Directly Runnable GMM-HMM Code with Speech Data

Resource Overview

Ready-to-execute GMM-HMM implementation including speech dataset for speech recognition applications

Detailed Documentation

GMM-HMM (Gaussian Mixture Model - Hidden Markov Model) is a widely used statistical modeling approach in speech recognition. For beginners, an immediately runnable code example helps rapidly grasp its operational principles.

### Code Logic Breakdown The implementation typically contains these core components:

Data Preparation: Provides speech feature extraction (e.g., MFCC) through functions like librosa.feature.mfcc() to convert raw audio signals into feature vectors suitable for model training. GMM Modeling: Employs Gaussian Mixture Model probability modeling using sklearn.mixture.GaussianMixture to capture distribution characteristics of speech frames. HMM Training: Combines state transition probabilities and observation probabilities (GMM outputs) through Baum-Welch algorithm iterations (implemented via hmmlearn.hmm.GMMHMM) for parameter optimization. Decoding & Evaluation: Uses Viterbi algorithm decoding (via hmmlearn's decode method) to infer hidden state sequences from test speech, calculating recognition accuracy through metrics like sklearn.metrics.accuracy_score.

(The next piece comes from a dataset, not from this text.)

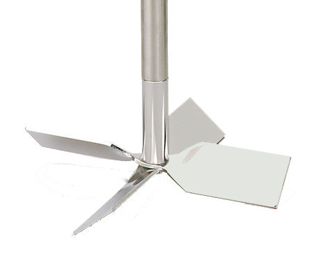 Перемешивающий элемент пропеллерный, 4 закрепленных лопасти, осевой поток, для перемешивания сред низкой и средней вязкости, для гомогенизирования и суспендирования.

### Beginner-Friendly Features Complete Dataset: Includes built-in speech datasets (e.g., TIMIT subsets or custom recordings) eliminating tedious data collection and preprocessing. Out-of-the-Box Execution: Clear dependency specifications (Python's hmmlearn/scikit-learn or simplified Kaldi toolkit wrappers) ensure environment-ready execution. Modular Design: Step-by-step commenting facilitates understanding of practical GMM-HMM application pipelines in speech processing.

### Extension Considerations Experiment with adjusting GMM mixture components (n_components parameter) or HMM states (n_states parameter) to observe model performance impacts, providing intuitive understanding of complexity-overfitting tradeoffs through visualization plots.